In generale, quali sono le tecniche che il giudice oggi può impiegare per capire meglio se il ricordo del testimone, le dichiarazioni dell’imputato o della vittima sono sincere e realistiche o dovute a una distorsione della memoria?

Come ho scritto nel libro, il giudice, il pm e l’avvocato sono i professionisti che più frequentemente hanno a che fare con la valutazione della memoria, forse più frequentemente dei cosiddetti esperti, psicologi e psichiatri. Sono loro che dovrebbero diventare i veri esperti nella valutazione del testimone. Molte volte il senso comune aiuta la valutazione, ma in molti altri casi quello che dice un testimone dovrebbe essere valutato sulla base dei dati scientifici. Un grande problema è la valutazione del testimone che mente. È cosa nota a livello scientifico che non è possibile dire, nemmeno per un esperto investigatore, se una persona mente o meno. Eppure c’è il convincimento comune che il mentitore riveli se stesso dal comportamento (per esempio, si mostra nervoso, arrossisce, è troppo sicuro). Gli studi scientifici permettono di comprendere quando il testimone sbaglia a ricordare pur essendo sincero e quindi convinto di riferire cose da lui ritenute come realmente accadute.

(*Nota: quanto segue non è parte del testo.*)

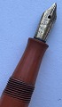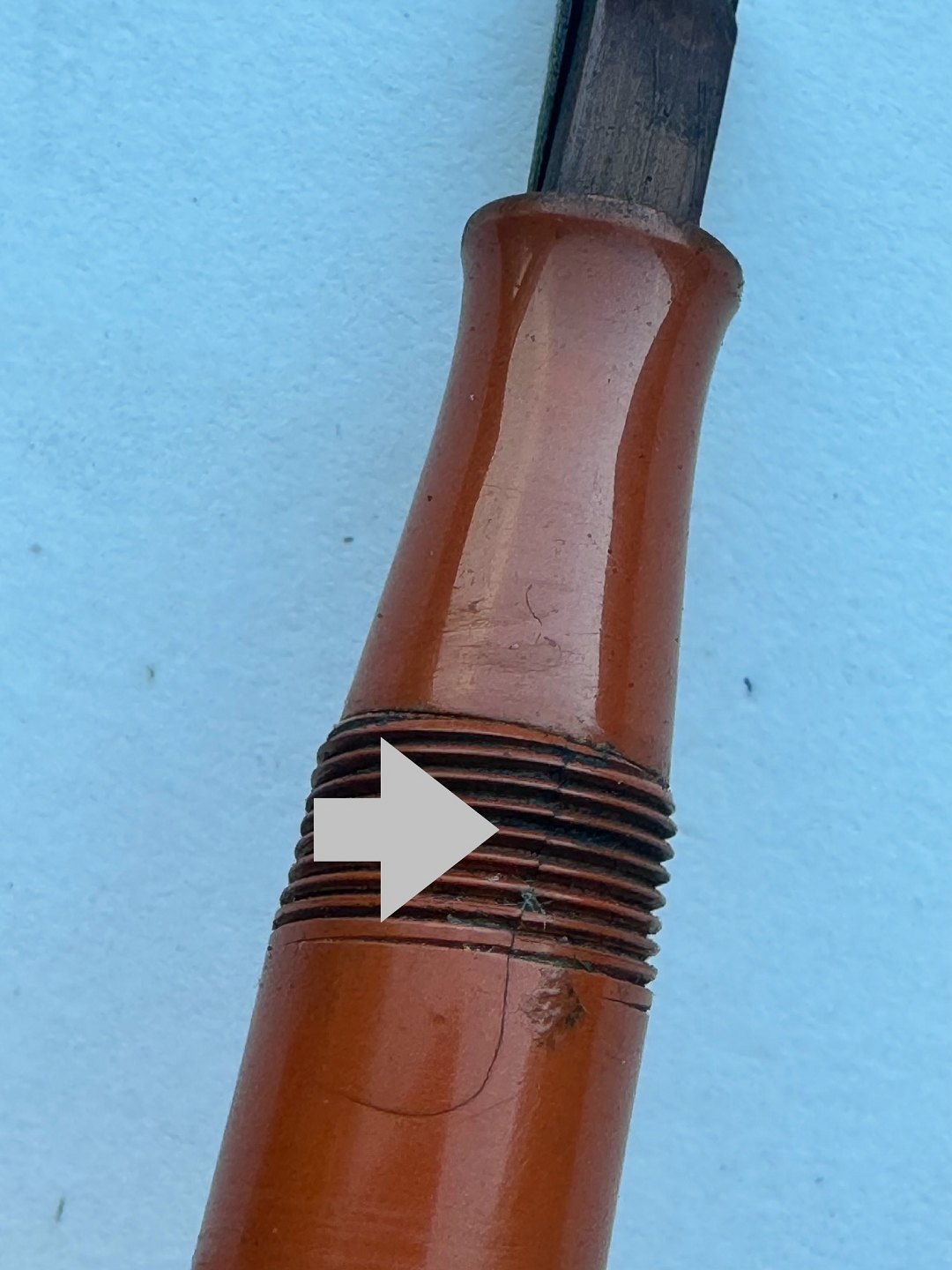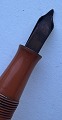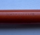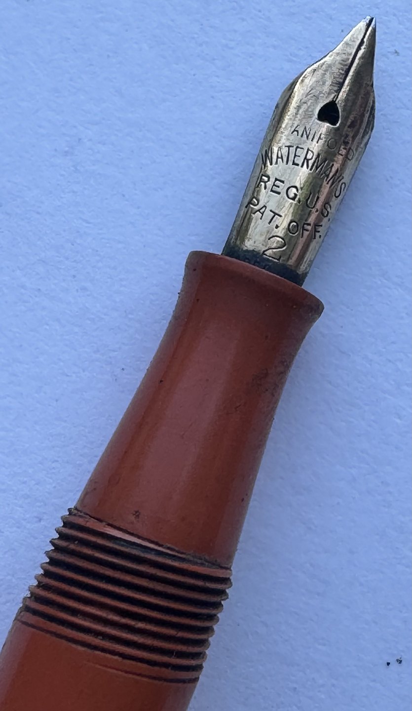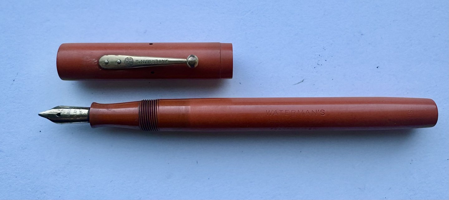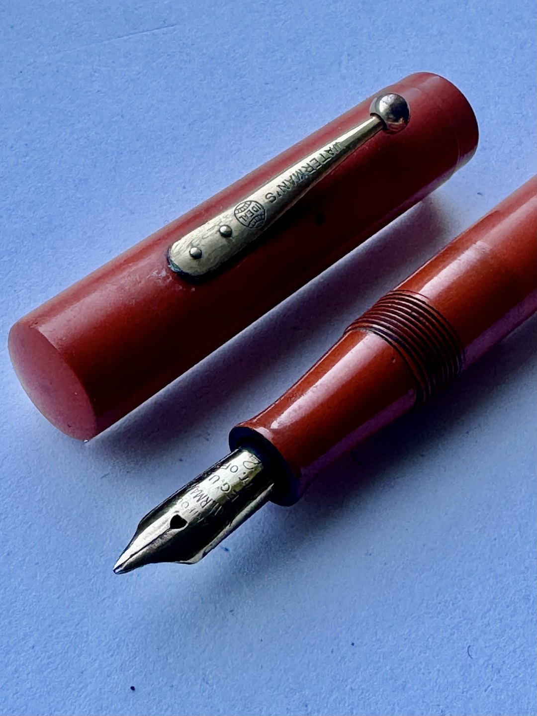 Beskrivelse: Koralrød Waterman nr. 52 fyldepen med leverfiller. FEJL: Mavebælte på hætten mangler og der er en revne henover “tråden” på pennens krop (se foto med den grå pil). Mål: 13,5 cm lang.

Ci può raccontare qualche caso giudiziario famoso in cui la valutazione affidabile o non affidabile della memoria ha giocato un ruolo importante?

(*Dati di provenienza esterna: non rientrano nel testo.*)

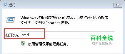 首先,我们在被远程的windows电脑上使用快捷键win+R打开“运行”窗口。在“运行”窗口中输入cmd打开“命令提示符”窗口。
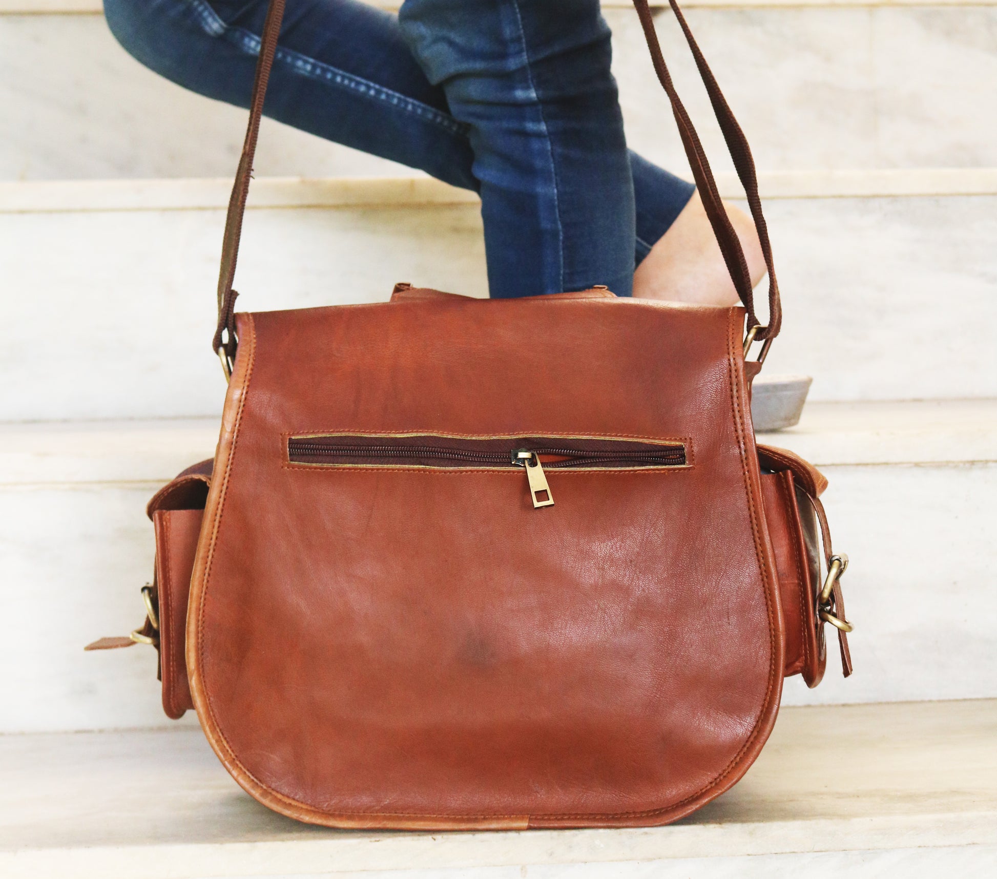 MADE OF – 100% Genuine Goat Leather. Measurements: 10' x 13' inches DURABLE: Made of heavy duty leather ,strong buckles. We have used better leather and better reinforced sewing method . Handmade Leather Bag , Handcrafted, Vintage, Genuine Leather, Women's, Girls, Females Leather Bags . 3 Inner compartments, 3 Front Pocket and 2 Zipper Pockets,2 Side pockets Long and adjustable Shoulder Straps . Brass/ Metal Fitting Buckles and Holders and Internally Lined with Strong Orange Canvas Make it Durable and Long Lasting .
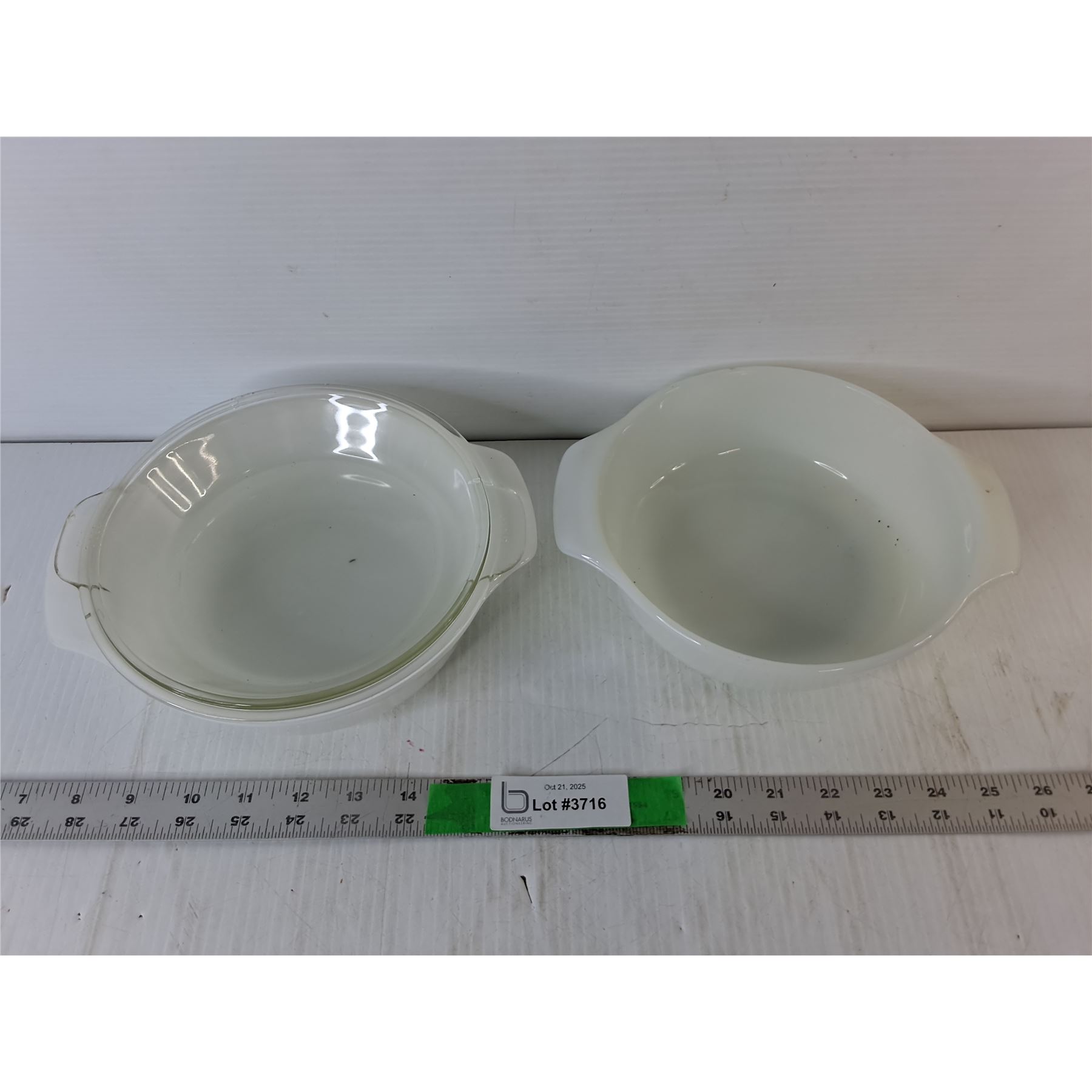(2) Anchor Hocking Bowls 9  No Pattern, (1) Lid
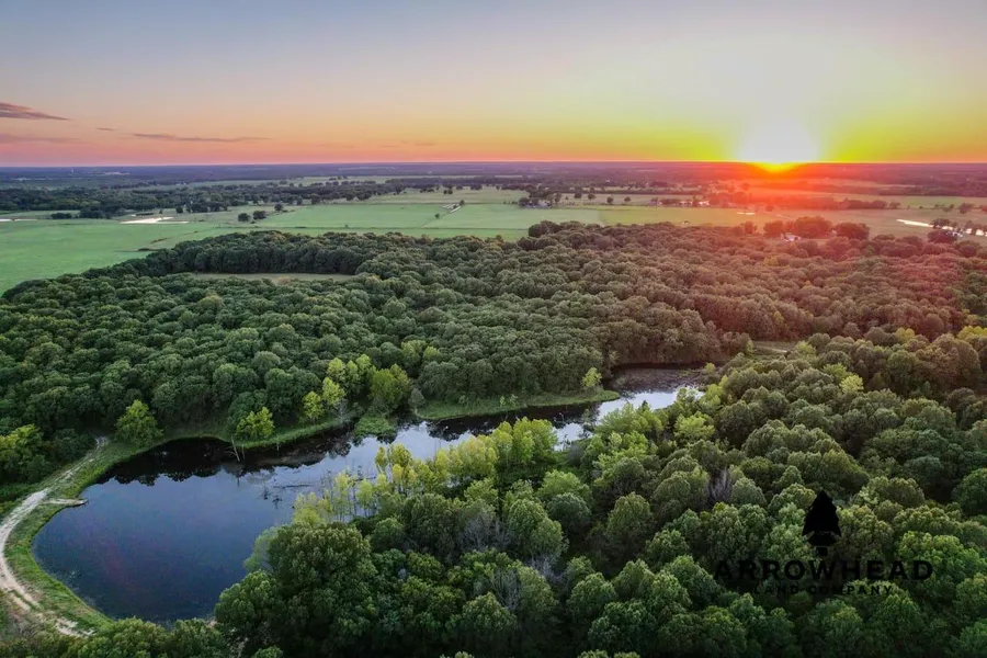 Located within Okfuskee County, Oklahoma, lies a captivating 100 +/- acre property offering an unparalleled haven for outdoors. The centerpiece of this natural paradise is the well crafted rustic cabin, presented with a spacious 30 x 50 layout, complete with a 30 x 30 living area. Elegantly furnished to evoke an inviting feel, the residence accommodates family and friends with three distinct bunk-bed arrangements, complemented by a full bathroom. The property's crown jewel is a massive pond, strategically equipped with a water control system, providing both recreation and functionality. Stocked with f1 bass and a haven for waterfowl, this feature couldn’t be anymore attractive to outdoorsmen. Adjacent to the pond is a sprawling mowed field that could be transformed into the ultimate food plot. For the avid hunter, a well-placed banks blind stands ready, promising an optimal vantage point...
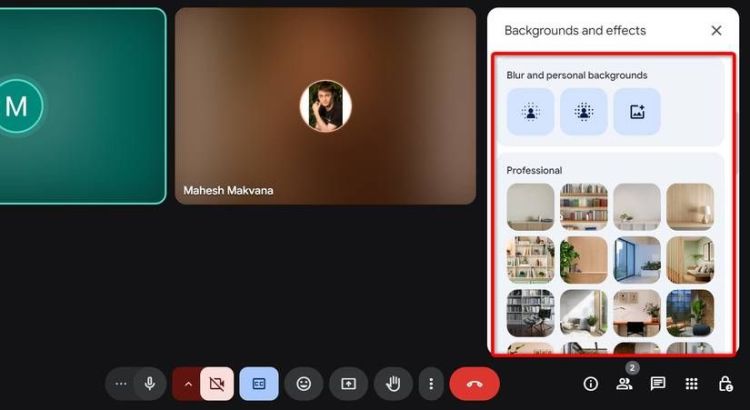 Nếu bạn không muốn khách tham dự cuộc họp nhìn thấy mèo của bạn đang chơi đùa phía sau bạn, bạn có thể làm mờ hoặc thay thế nền của mình. Để thực hiện việc đó, trong thanh dưới cùng của Google Meet, hãy nhấp vào ba dấu chấm. Trong menu mở ra, hãy chọn "Nền và Hiệu ứng".

Un caso recente famoso è quello del giudice della Corte Suprema americana Brett Kavanaugh. Quando si è prospettata la sua candidatura, una sua compagna di liceo ha denunciato alla stampa alcuni presunti comportamenti molesti di Kavanaugh avvenuti 30 anni prima a una festa studentesca dove scorreva molto alcol. In questo caso si sono intrecciati i tipici fattori che rendono problematica la valutazione della accuratezza del ricordo di un testimone. Distanza di tempo elevatissima, influenza delle opinioni politiche sulla “coloritura del ricordo”, gli effetti del trauma sulla accuratezza del ricordo. Il pm che ha svolto le indagini ha archiviato il caso proprio sulla base di tutti questi fattori che rendono incerto il ricordo della donna. Altri casi famosi sono quelli di Dominique Strauss Kahn che ha visto interrotta la sua corsa all’Eliseo per una accusa di abuso sessuale, oppure quello di Julian Assange, fondatore di Wikileaks o del calciatore Neymar. Tutti casi poi archiviati in quanto l’incertezza nel racconto impediva una ricostruzione affidabile di quanto realmente accaduto.

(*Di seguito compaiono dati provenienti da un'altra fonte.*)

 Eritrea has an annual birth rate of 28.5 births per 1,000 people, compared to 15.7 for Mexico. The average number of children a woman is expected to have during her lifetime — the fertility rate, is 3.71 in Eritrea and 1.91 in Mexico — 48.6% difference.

I giudici e gli avvocati saranno disposti a dare più spazio alle scienze cognitive e agli esperti nella valutazione dei resoconti dei testi? Perché c’è resistenza all’ingresso delle neuroscienze nelle aule di giustizia?

La tendenza generale è quella della “scientificizzazione” del processo penale. Fino a 50 anni fa c’erano solo i testimoni per ricostruire il fatto di interesse. Adesso ci sono, oltre ai testimoni, i social networks, le email, la geolocalizzazione che aiutano molto. Nonostante questo, il testimone gioca e giocherà sempre un ruolo centrale nel processo penale e quindi la sua valutazione resterà sempre importantissima. Le scienze cognitive mettono a disposizione molti dati certi, utili a valutare la qualità di una testimonianza. L’utilizzo di questi dati però si deve scontrare con il convincimento degli operatori del processo che la testimonianza non rientri a pieno titolo fra le aree di indagine scientifica e che la sua valutazione possa fondarsi solo sulla intuizione. In realtà, il testimone del processo penale ha caratteristiche molto diverse da quelle del testimone reale. È un testimone che dice il vero fino a prova contraria e il cui ricordo non è influenzato da fattori come il passare del tempo. A questo riguardo, ci sono processi nei quali il testimone chiave viene risentito dopo 10-15 anni, ma a questa distanza di tempo l’accuratezza del ricordo (a parte casi particolarissimi) è decisamente bassa. L'eventuale accuratezza del ricordo dopo un lungo periodo dovrebbe essere vista con sospetto dai giudici, in quanto non si riferisce a percezioni dirette ma più spesso a rilettura della documentazione o ad altre situazioni.